Metformin is a drug used to regulate glucose levels in the blood and is prescribed as a treatment for type 2 diabetes. It can also be prescribed to patients during pregnancy who suffer from gestational diabetes or obesity. However, the consequences of foetal exposure to metformin on the fertility of offspring are poorly documented. That is why researchers have turned their attention to how the drug affects the fertility of offspring when administered to gestating mice.

A drop in fertility among male offspring

Researchers at INRAE had already shown that exposure to metformin in mice during the embryonic stages slows testicular growth and leads to a drop in the production of testosterone in male foetuses (cf references). In this new study, 12 female mice were given metaformin in drinking water for the duration of pregnancy in quantities equivalent to those given to humans for the treatment of diabetes. Another control group of 8 mice was given water with no added metformin. The study showed that metformin does not accumulate in foetal tissue but passes into the bloodstream and the amniotic fluid that surrounds the foetus during pregnancy.

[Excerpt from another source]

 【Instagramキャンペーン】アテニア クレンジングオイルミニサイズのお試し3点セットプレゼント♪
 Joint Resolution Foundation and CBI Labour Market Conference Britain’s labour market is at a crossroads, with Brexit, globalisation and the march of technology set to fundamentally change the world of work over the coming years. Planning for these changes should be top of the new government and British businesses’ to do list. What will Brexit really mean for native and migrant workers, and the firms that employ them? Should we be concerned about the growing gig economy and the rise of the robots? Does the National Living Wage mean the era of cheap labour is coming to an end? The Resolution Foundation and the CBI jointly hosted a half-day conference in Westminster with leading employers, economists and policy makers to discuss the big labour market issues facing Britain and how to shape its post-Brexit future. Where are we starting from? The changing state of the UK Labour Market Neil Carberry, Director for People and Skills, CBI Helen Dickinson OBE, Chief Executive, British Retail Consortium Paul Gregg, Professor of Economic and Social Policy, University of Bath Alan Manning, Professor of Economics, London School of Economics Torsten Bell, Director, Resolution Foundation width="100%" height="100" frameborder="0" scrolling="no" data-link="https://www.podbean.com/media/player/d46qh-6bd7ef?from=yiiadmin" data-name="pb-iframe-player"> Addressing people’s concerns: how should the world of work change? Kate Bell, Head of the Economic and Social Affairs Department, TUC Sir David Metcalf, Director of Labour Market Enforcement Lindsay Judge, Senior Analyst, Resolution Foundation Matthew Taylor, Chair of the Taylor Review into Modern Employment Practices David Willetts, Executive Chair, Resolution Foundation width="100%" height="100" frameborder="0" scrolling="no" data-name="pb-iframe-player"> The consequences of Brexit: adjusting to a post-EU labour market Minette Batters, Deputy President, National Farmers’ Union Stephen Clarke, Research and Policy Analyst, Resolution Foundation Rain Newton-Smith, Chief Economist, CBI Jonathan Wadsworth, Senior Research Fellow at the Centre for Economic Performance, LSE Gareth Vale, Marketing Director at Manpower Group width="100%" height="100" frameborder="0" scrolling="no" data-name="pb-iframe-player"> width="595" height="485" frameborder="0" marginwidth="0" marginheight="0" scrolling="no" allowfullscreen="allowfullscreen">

This exposure upsets the metabolism of the foetus and provokes a slowdown in testicular growth in males. The researchers also observed that male mice exposed to metformin during pregnancy weighed more than those of the control group and accumulated twice as much fat as males from the control group.

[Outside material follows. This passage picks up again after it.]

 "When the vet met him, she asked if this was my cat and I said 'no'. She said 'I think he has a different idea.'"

To study the consequences on fertility, male and female offspring from female mice exposed to metformin during gestation were mated with mice from the control group. Male mice who had been exposed to metformin were less fertile than those from the control group, siring litters 30% smaller (5.5 pups on average per litter for males exposed to metformin v. 8 pups per litter from males from the control group). To understand the cause of this decrease in fertility, the scientists studied the sperm produced by the male mice. They observed a lower sperm count in the males exposed to metformin. They also observed higher levels of malformations of sperm cell heads (25% in males exposed v. 15% in the control group), higher rates of sperm DNA damage (55% in exposed males v. 25% in males from the control group), and greater genomic DNA methylation associated with TET proteins, an epigenetic marker influencing gene expression.

Perturbations in metabolism during the foetal stage, here induced by metformin, could affect fertility in adulthood, but these results have yet to be confirmed in humans.  With this in mind, a cohort study carried out by the faculty of medicine of the Norwegian University of Science and Technology is currently underway to identify the effects on humans. Studies on animals will also continue, notably to see if the effects persist over several generations.